● EXERCISE DATA:
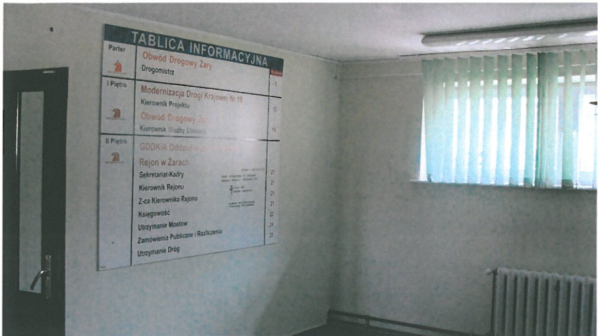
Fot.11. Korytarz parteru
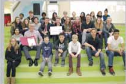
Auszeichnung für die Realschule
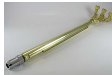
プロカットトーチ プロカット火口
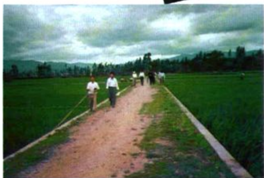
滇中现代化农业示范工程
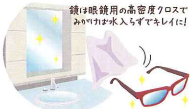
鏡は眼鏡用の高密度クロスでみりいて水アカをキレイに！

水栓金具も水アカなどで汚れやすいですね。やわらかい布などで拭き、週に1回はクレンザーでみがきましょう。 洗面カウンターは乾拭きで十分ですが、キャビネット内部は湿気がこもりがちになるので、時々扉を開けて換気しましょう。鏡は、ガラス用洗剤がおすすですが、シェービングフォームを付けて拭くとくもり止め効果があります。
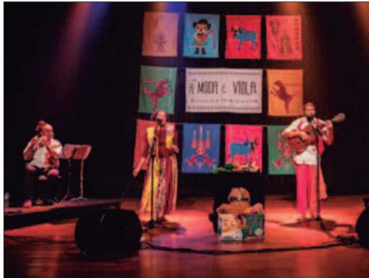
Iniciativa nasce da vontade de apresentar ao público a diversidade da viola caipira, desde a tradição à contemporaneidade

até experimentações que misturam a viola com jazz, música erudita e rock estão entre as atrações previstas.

---

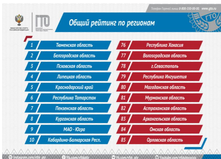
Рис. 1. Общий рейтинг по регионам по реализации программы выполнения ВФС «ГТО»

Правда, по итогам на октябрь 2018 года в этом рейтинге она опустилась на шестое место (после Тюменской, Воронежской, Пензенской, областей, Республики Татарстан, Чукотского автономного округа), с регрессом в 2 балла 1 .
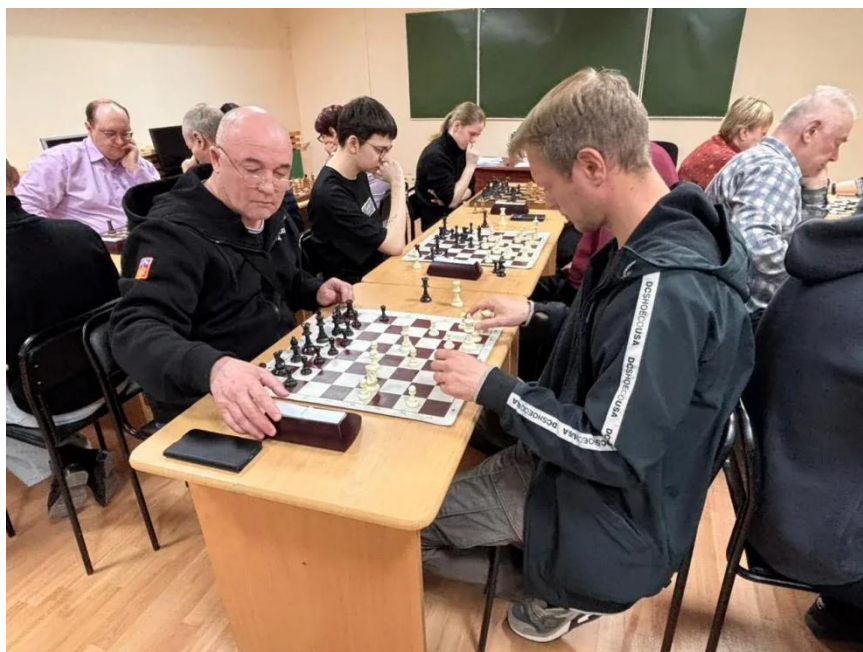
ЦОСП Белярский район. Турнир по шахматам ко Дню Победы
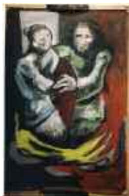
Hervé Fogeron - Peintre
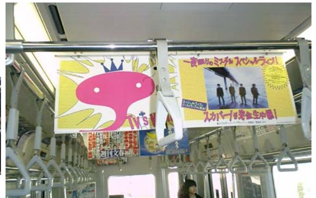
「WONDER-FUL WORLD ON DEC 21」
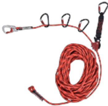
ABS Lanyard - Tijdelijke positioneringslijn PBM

...

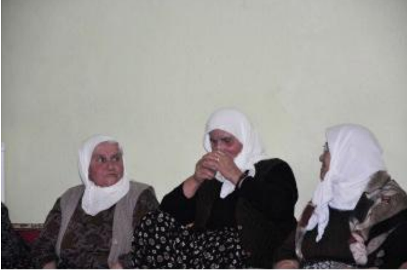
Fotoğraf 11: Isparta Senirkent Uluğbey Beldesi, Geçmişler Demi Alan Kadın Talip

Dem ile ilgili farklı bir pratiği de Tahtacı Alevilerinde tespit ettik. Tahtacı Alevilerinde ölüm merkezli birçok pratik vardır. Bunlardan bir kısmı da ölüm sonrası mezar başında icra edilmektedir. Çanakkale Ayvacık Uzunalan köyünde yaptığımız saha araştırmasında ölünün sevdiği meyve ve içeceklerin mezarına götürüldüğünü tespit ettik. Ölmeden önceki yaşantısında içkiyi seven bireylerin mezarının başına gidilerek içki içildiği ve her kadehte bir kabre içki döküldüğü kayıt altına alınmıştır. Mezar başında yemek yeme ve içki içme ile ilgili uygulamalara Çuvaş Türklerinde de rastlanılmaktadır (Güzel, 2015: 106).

● WORK ORDER: In the material above, the stretch from the line with "Правда, по итогам" through the line with "ABS Lanyard - Tijdelijke" is to be given again exactly, minus the pictures.

● COMPLETED TASK:
Правда, по итогам на октябрь 2018 года в этом рейтинге она опустилась на шестое место (после Тюменской, Воронежской, Пензенской, областей, Республики Татарстан, Чукотского автономного округа), с регрессом в 2 балла 1 .
ЦОСП Белярский район. Турнир по шахматам ко Дню Победы
Hervé Fogeron - Peintre
「WONDER-FUL WORLD ON DEC 21」
ABS Lanyard - Tijdelijke positioneringslijn PBM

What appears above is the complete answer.